Malandras doses

Por que alguém entraria em um jogo apenas para perder? Quais razões levariam uma pessoa a empreender uma jornada somente pelo cansaço, pelas bolhas nos pés e pelas agruras do clima?
Não há sentido, a não ser que haja prazer no sofrimento ou uma imensa culpa e expiar. Mesmo nesses casos, o estímulo é um prazer, ainda que torto, ou o alívio de um fardo psicológico.

A vida é um jogo, ou uma jornada, analogias já gastas, mas eficientes. Ao se dar conta do mundo no qual está inserido, o indivíduo sabe que todos os dias perde um pouco do seu tempo, do seu vigor e da sua saúde.
Muitos, desde cedo, o sentem mesmo sem ainda racionalizar.

O tempo é desperdiçado na proporção de sua abundância, por isso, quando jovens, fazemos uso estúpido do tempo e, quando a idade avança, ficamos mais seletivos, ou pelo menos deveríamos ficar, com a entrega da nossa já escassa estadia no mundo.

O que traz ganho à vida? Muitos dirão que a vida se resume a trabalhar, prosperar, acumular bens para uma vida tranquila “no final”. Parece um plano razoável, mas tenho visto tantos fazendo deste plano um modo de perder a vida, em vez de ganhá-la, que não resisto ao questionamento.

Ainda vejo muitas pessoas presas ao “quando”: vou ser feliz quando tiver tal montante de dinheiro, vou me realizar quando tiver condições de tocar meu projeto, vou aproveitar a vida quando me aposentar. O “quando” chega, mas é quando a pessoa se dá conta de que essa espera toda não funciona, o que a leva recuperar o tempo perdido. Tempo perdido não se recupera e essa é outra armadilha que leva a uma terceira: as auto ajudas com fórmulas mágicas. “Coloque sua vida nos eixos em dez passos simples”, “Recupere seu rumo, um guia para…”.

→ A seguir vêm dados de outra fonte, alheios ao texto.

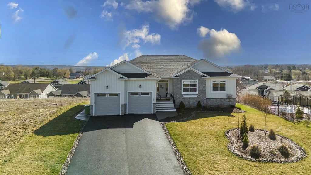 Get swept away by this stunning custom-built 3 year old bungalow nestled in an executive neighborhood in Falmouth, NS. This home boasts exquisite upgrades throughout, including a sleek Corian countertop in the spacious kitchen that offers both elegance and functionality. Enjoy an abundance of natural light streaming through transom windows on the main level, creating a bright and airy ambiance. The main level features an open concept living area that is perfect for entertaining guests and hosting family gatherings, where you can take in the view while watching the children play in the backyard. The primary bedroom is elegant and spacious with a gorgeous ensuite and walk-in closet. There are 2 additional inviting bedrooms with double closets, a full bath room, plus main level laundry and mudroom that are easily accessed from the garage into the home. Descend to the lower level, where 2 additional bedrooms await, complimented by a beautiful family room with a walkout to the backyard. Indulge in versatility with a playroom that could be transformed into a cozy media room, offering endless possibilities for leisure and recreation. The home is kept comfortable central heating and cooling. Convenience is key with an attached garage and a paved driveway, ensuring easy access and ample parking space for residents and guests alike. With just under 4000 square feet, this meticulously crafted bungalow offers a perfect blend of style, comfort, and functionality, making it the ideal place to call home. Call your favorite Agent to book your private showing today!
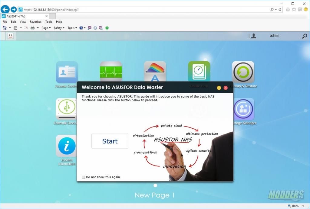 ADM is the management interface that you will use to manage and monitor the Asustor AS3204T. The management interface is presented as a web page and is accessed through a web browser using the IP Address of the NAS. When you log in for the 1st time, you’ll be presented with a users guide that will introduce you to the functions of the NAS.
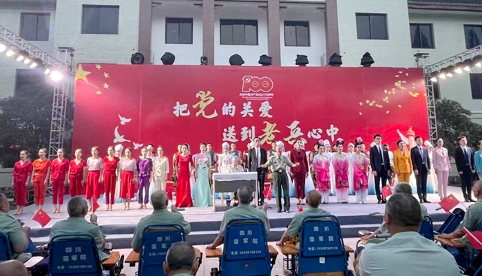 2021年6月28日晚,在隆重庆祝中国共产党成立100周年之际,受中共四川省委、省人民政府委托,退役军人事务厅、文化和旅游厅在四川省革命伤残军人休养院举办“把党的关爱送到老兵心中”主题慰问演出。省歌舞剧院、省曲艺研究院、省川剧院、四川人民艺术剧院、四川交响乐团的56位文艺工作者为革命老英雄、老前辈送上精彩的演出,回顾党的光辉历程,传递党的关心关怀。46位革命伤残军人与少先队员、干部群众500余人观看了演出。
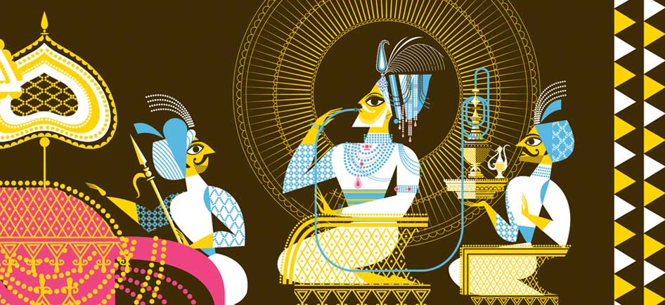 Along with the Maharaja’s treasures, the museum commissioned contemporary artist Sanjay Patel a display on the second floor of the exhibit. His art is a sort of Hindi pop-art hybrid, full of color and Indian deities.

É possível escrever um livro por mês compilando fórmulas, teorias, ideias e “rotinas dos vencedores”. Estes livros têm sua utilidade, assim como uma conversa de bar com os amigos. Não dá pra gerir a vida pelas conversas de bar, elas são um resumo, uma troca, um deleite, estímulos… são várias coisas mas não são a vida. Na ânsia de “recuperar o tempo” as fórmulas rápidas fornecem uma sensação de virada, um tesão momentâneo que logo ali vai fenecer e será necessária outra dose, outro “case de sucesso”, outro livro com um título “fodástico”.

O que falta então, senhor grande sábio, você pergunta, com justa ironia. Posso lhe dizer que acumular acervo não faz mal a ninguém. Assim como acumular dinheiro se faz com poupança diária e metódica, acumula-se conhecimento. Se dinheiro faz dinheiro, conhecimento faz sabedoria. A vida está lhe dando uma ruga por ano, lhe tirando um naco de vida por segundo, consumindo seu vigor e juventude em malandras doses indolores. Retribua! Para cada dia que a vida lhe tira, aprenda algo diferente que lhe sirva de acervo acumulado e filtro. Não há nada mais deprimente que um velho burro.